BEGIN

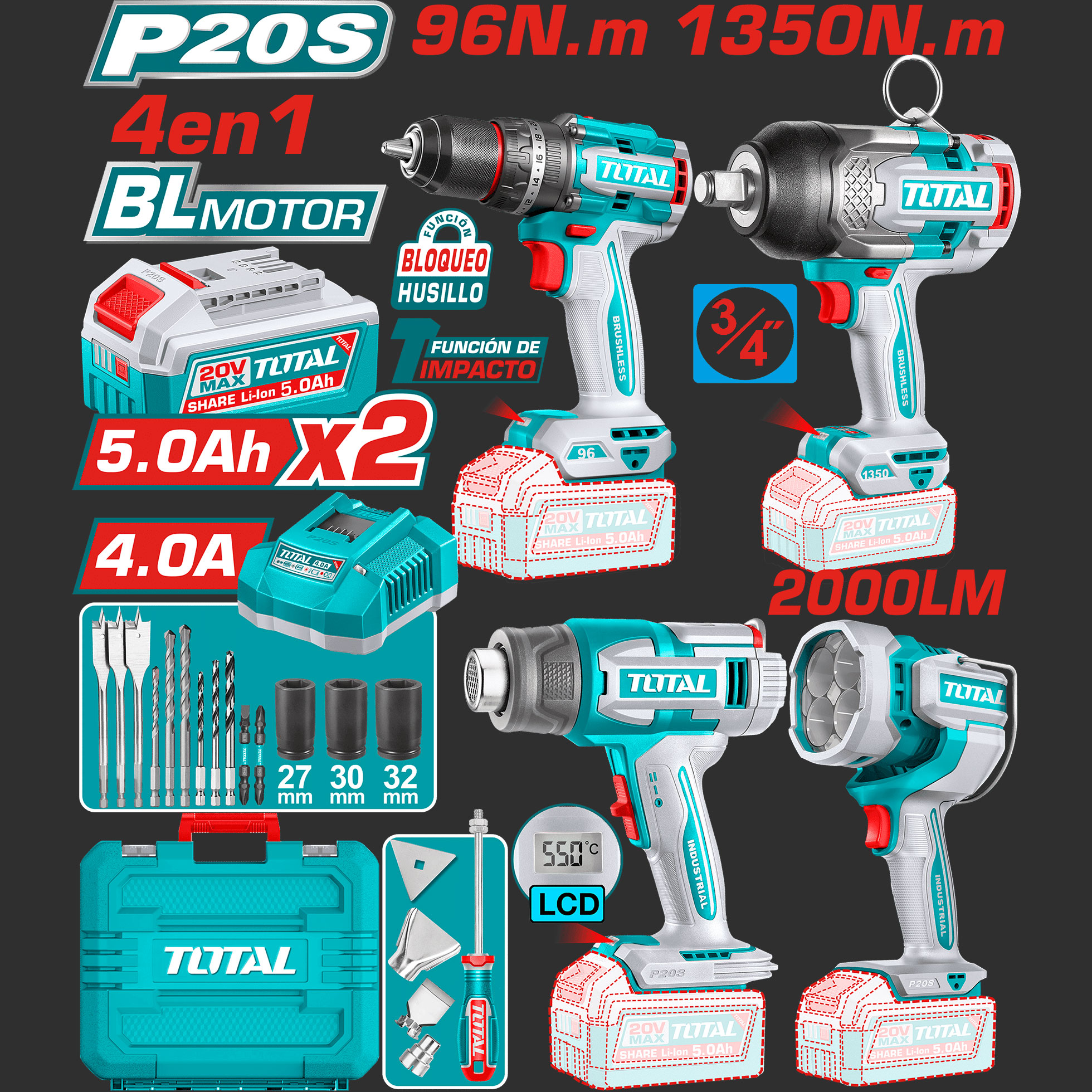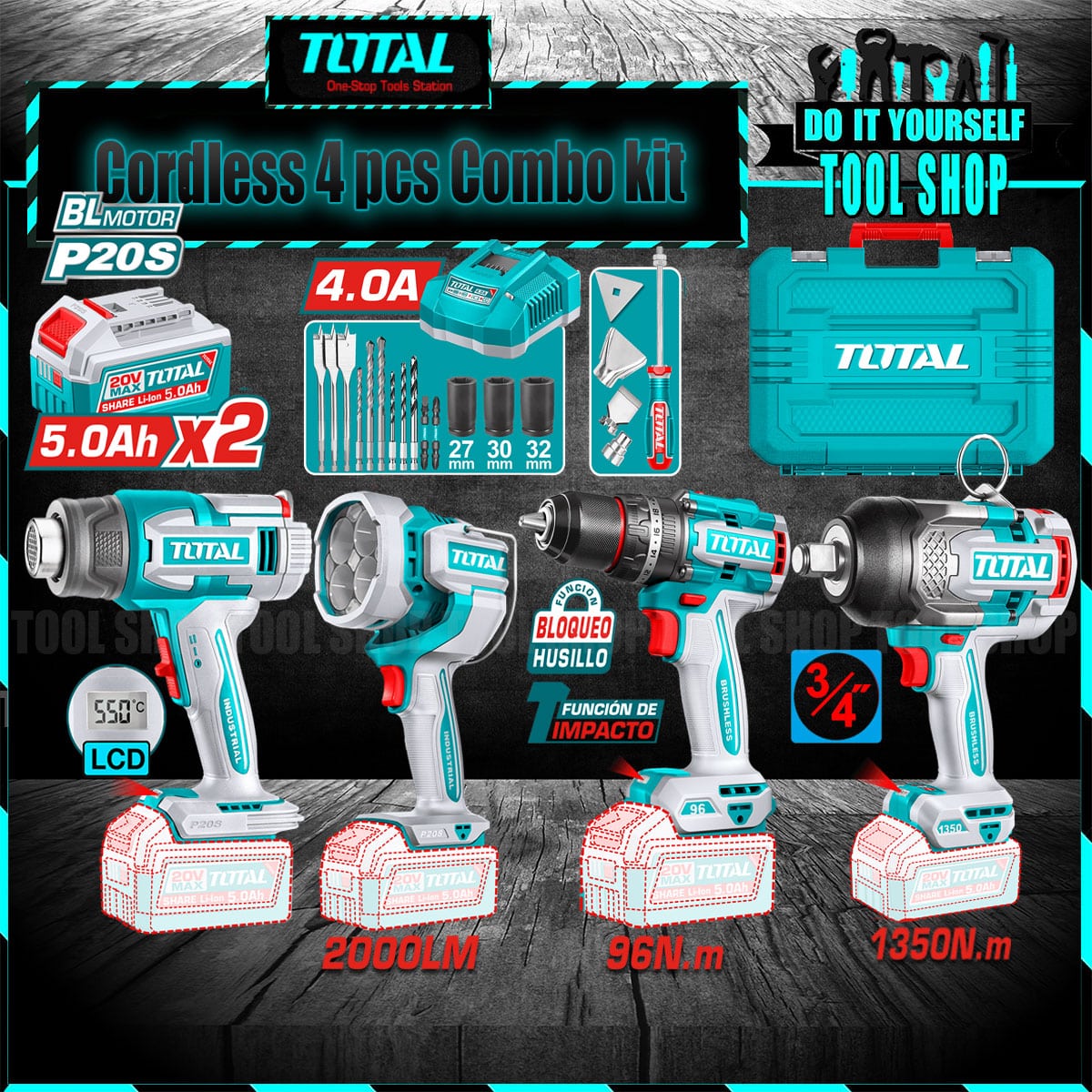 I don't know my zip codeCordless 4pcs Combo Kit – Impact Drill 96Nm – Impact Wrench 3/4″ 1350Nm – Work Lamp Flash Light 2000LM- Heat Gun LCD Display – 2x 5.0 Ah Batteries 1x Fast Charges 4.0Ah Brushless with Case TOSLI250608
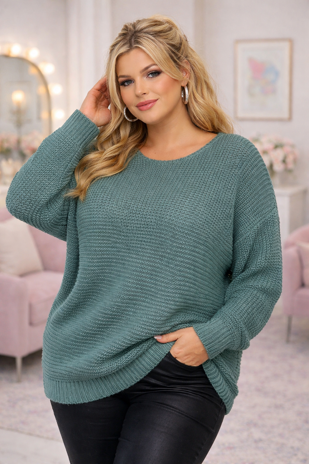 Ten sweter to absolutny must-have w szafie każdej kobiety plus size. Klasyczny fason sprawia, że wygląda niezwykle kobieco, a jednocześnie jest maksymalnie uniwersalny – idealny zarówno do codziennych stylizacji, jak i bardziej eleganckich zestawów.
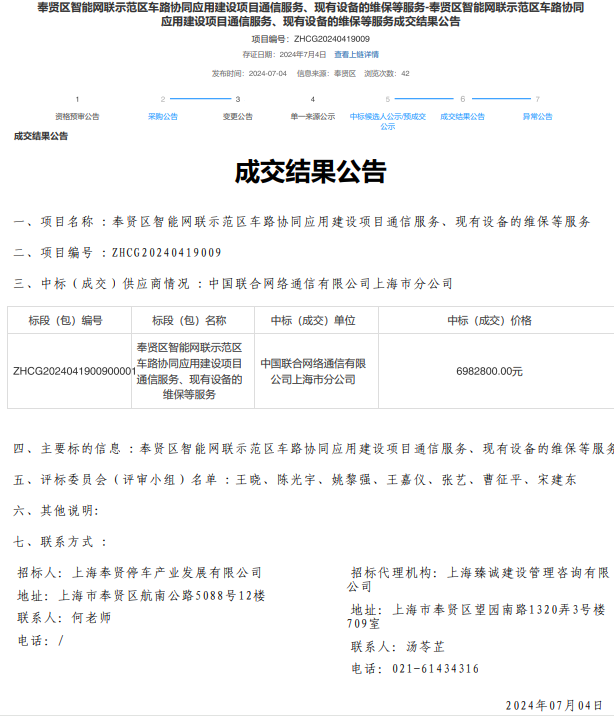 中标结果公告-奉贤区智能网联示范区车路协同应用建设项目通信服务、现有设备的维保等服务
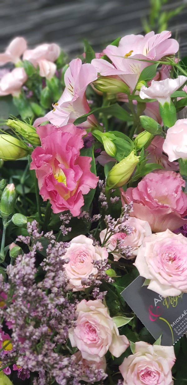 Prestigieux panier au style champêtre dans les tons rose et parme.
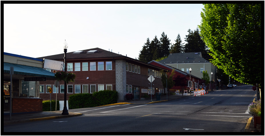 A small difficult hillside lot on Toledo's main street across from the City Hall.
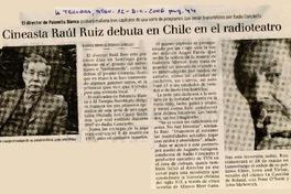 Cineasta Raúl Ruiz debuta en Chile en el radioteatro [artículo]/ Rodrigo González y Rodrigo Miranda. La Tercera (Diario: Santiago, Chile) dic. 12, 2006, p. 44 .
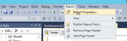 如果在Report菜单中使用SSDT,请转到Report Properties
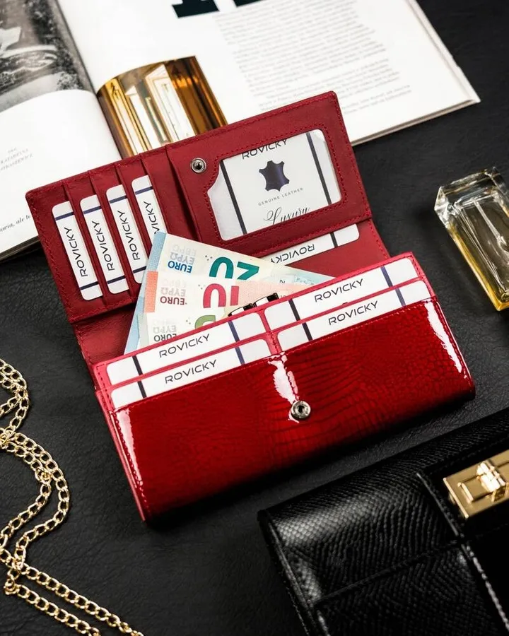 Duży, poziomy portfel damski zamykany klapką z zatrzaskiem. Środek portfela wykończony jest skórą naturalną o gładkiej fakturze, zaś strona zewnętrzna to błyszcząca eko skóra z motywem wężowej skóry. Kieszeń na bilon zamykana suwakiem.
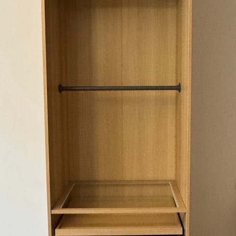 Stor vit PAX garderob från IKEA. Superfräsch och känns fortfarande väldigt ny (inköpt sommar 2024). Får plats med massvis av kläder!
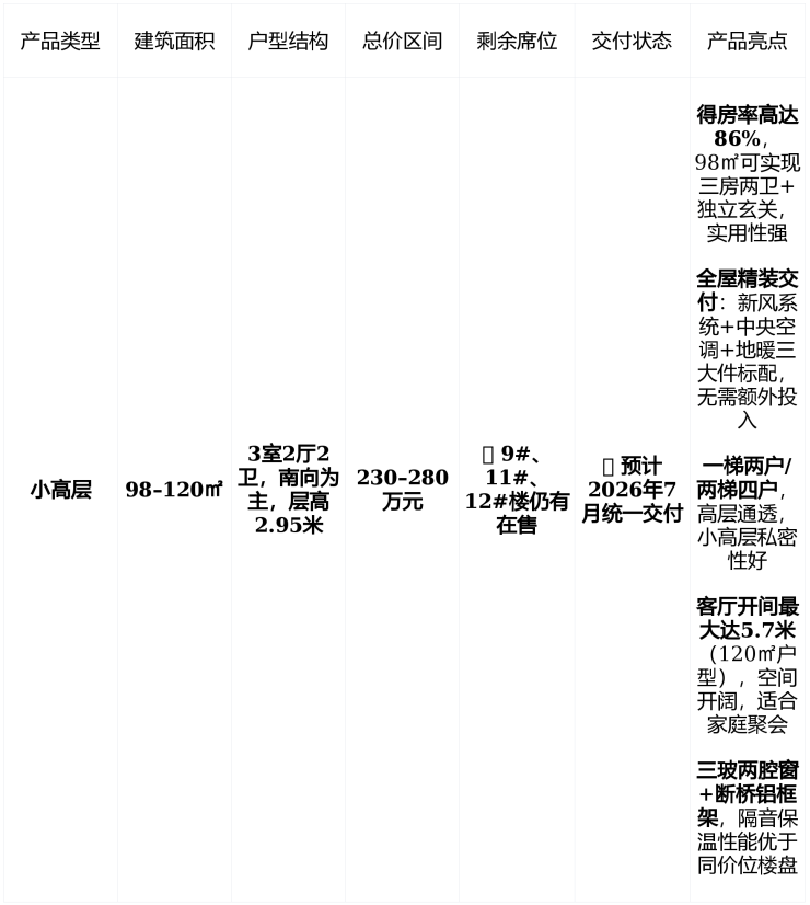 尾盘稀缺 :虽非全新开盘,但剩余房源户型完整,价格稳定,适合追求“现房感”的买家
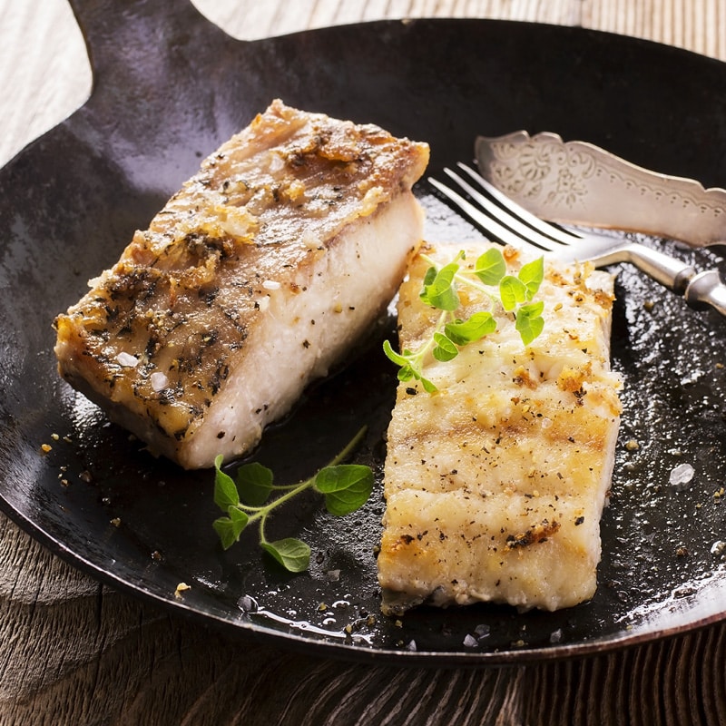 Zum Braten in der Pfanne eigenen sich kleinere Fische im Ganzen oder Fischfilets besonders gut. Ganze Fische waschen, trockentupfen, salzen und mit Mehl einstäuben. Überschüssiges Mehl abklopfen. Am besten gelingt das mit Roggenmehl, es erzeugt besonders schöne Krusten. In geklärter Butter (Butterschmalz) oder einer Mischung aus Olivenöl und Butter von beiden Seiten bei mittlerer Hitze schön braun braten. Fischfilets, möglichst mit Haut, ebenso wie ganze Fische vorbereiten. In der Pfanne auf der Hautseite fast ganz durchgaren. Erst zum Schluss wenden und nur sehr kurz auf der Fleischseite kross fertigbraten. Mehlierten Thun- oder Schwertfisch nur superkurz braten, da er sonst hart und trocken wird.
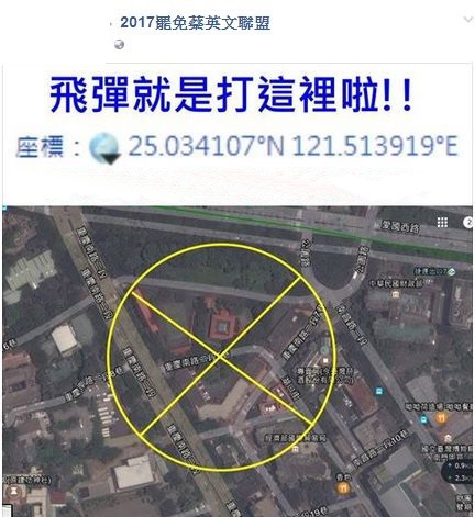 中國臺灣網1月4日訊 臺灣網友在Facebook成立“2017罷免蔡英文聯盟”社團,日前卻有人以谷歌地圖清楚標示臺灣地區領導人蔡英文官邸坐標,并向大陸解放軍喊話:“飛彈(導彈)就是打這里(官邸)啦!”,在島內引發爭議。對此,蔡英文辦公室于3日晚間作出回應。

END

| ABOUT THIS EXERCISE |
Repeat word for word the lines above, from the first entry through the line containing "尾盘稀缺 :虽非全新开盘,但", with both ends kept and the pictures dropped.

| ANSWER BELOW |
 I don't know my zip codeCordless 4pcs Combo Kit – Impact Drill 96Nm – Impact Wrench 3/4″ 1350Nm – Work Lamp Flash Light 2000LM- Heat Gun LCD Display – 2x 5.0 Ah Batteries 1x Fast Charges 4.0Ah Brushless with Case TOSLI250608
 Ten sweter to absolutny must-have w szafie każdej kobiety plus size. Klasyczny fason sprawia, że wygląda niezwykle kobieco, a jednocześnie jest maksymalnie uniwersalny – idealny zarówno do codziennych stylizacji, jak i bardziej eleganckich zestawów.
 中标结果公告-奉贤区智能网联示范区车路协同应用建设项目通信服务、现有设备的维保等服务
 Prestigieux panier au style champêtre dans les tons rose et parme.
 A small difficult hillside lot on Toledo's main street across from the City Hall.
 Cineasta Raúl Ruiz debuta en Chile en el radioteatro [artículo]/ Rodrigo González y Rodrigo Miranda. La Tercera (Diario: Santiago, Chile) dic. 12, 2006, p. 44 .
 如果在Report菜单中使用SSDT,请转到Report Properties
 Duży, poziomy portfel damski zamykany klapką z zatrzaskiem. Środek portfela wykończony jest skórą naturalną o gładkiej fakturze, zaś strona zewnętrzna to błyszcząca eko skóra z motywem wężowej skóry. Kieszeń na bilon zamykana suwakiem.
 Stor vit PAX garderob från IKEA. Superfräsch och känns fortfarande väldigt ny (inköpt sommar 2024). Får plats med massvis av kläder!
 尾盘稀缺 :虽非全新开盘,但剩余房源户型完整,价格稳定,适合追求“现房感”的买家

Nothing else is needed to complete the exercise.